田園調布せせらぎ公園内の緑を大量伐採する問題で、5月18日大田区の説明会が開催されました。

今回の公園内の開発は、文化施設とスポーツ施設を建設するため、267本の樹木を切り、開発しようとしているのが問題ですが、背景には平成28年5月1日の大田区みどりの条例施行規則等の改正と平成30年第一回定例会で行われた都市公園法の改正に伴う大田区の公園条例改正が大きく影響しているようです。

https://www.city.ota.tokyo.jp/seikatsu/sumaimachinami/green/ryokukakeikaku/index.html

 

都市公園法改正に伴う公園条例の改正は、緑の貴重な空間である公園が、宅地と同じように扱われることを可能にし、建築可能面積もこれまでより大きく12%までになっています。

規則の改正は、議決が不要のため区議会で議論されませんでしたが、公園条例改正は、こうした開発が心配で反対しましたが、その通りになってしまいました。


説明会は、50人と言っていたにもかかわらず、会場にはおよそ100人がつめかけ、大量な樹木の伐採を伴う文化施設とスポーツ施設の建設や駐車場の整備の計画の説明不足と手続きの不備について指摘されるとともに、そもそもの施設の必要性への疑問や、こうした開発をすることになった経緯についての説明を求める声があがっていました。
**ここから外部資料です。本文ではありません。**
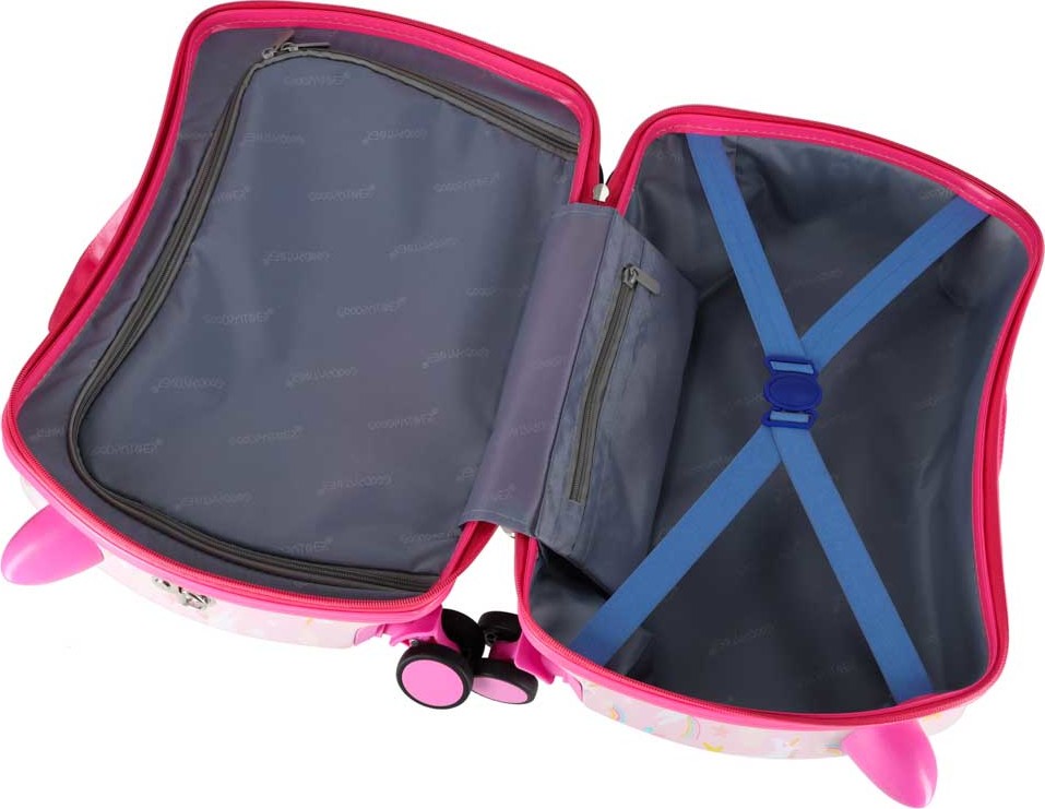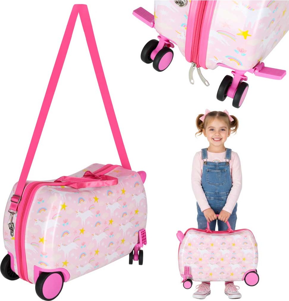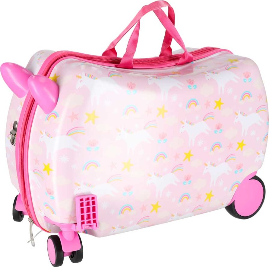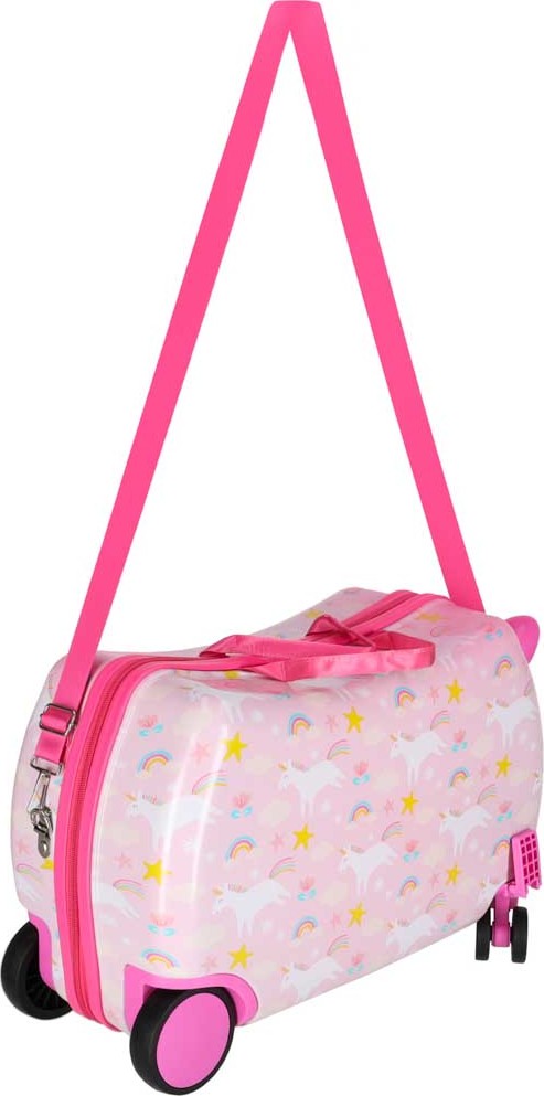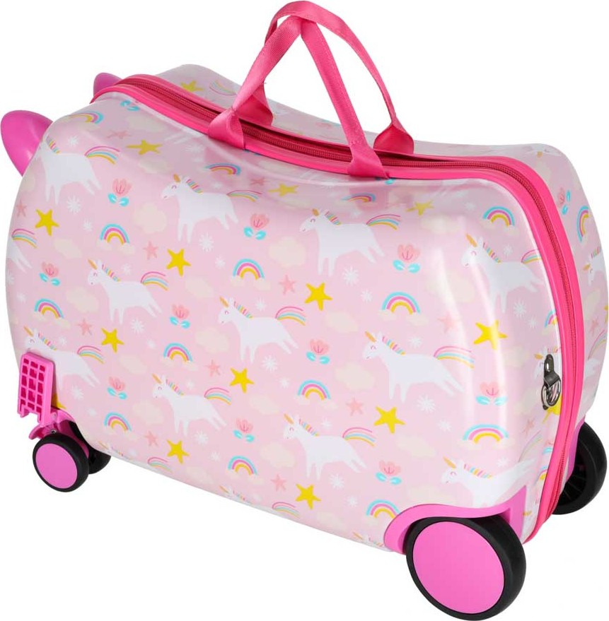 Tento dětský cestovní kufr v sobě spojuje lehkost, odolnost a design, který potěší nejmenší. Kufr s motivem jednorožce umožní nejmenším cestovat stylově. Díky čtyřem kolečkům se s ním snadno manipuluje, a to i při plném naložení. Uvnitř se nachází dvě velké přihrádky a kapsa na drobnosti. Unikátním prvkem jsou opěrky nohou, které umožňují unaveným dětem pohodlně se usadit na kufr a odpočinout si. Zapíná se na zip.

大田区は、説明する、住民の声をきく、勝手に進めない、と言いながら、次回の説明は秋に行うというなど、区民の声を聞いて計画を改善する姿勢に欠けていて、多くの区民が納得していませんでした。

会場の外で、

5月23日18時半から、富士見会館多目的ホールで、住民同士の意見交換をするという用紙をいただいたので、参加しようと思います。


 

下記の、全体図を見るとわかりますが、今回の開発の対象区域は、公園面積の約半分にも及びます。
大田区は、青で囲った公園の半分の敷地=赤で囲った部分を「宅地」として扱い、黄色の「文化施設とスポーツ施設という箱モノを作り、駐車場を建設しようとしている」と考えると非常にわかりやすいと思います。

もはや公園ではないように思います。
都市公園法の改正で公園面積の12%まで構造物の建築を許していることと、基準値をもとにした緑化率さえ満たせばいいように緑の条例を改正したことがこうした開発を許しています。

 

すっかり緑が切られてしまっていました。

 

そもそもの
出張所の老朽化、富士見会館に移転、富士見会館がせせらぎ公園内に、という全体像。
田園調布駅前の一等地、ゆうゆうクラブだった施設が最終的にあくことになります。
ここを何にするかも明らかになっていませんが、私は、出張所を富士見会館にするより、このゆうゆうくらぶ跡地にすべきだったと思っています。ゆうゆうくらぶは廃止されていたので、富士見会館の改修も田園調布せせらぎ公園内の大規模改修も不要になります。
まさか、民間に売却したり、開発させたりすることは無いと思いますが、大田区は、現時点でも、何に使うか明らかにしていません。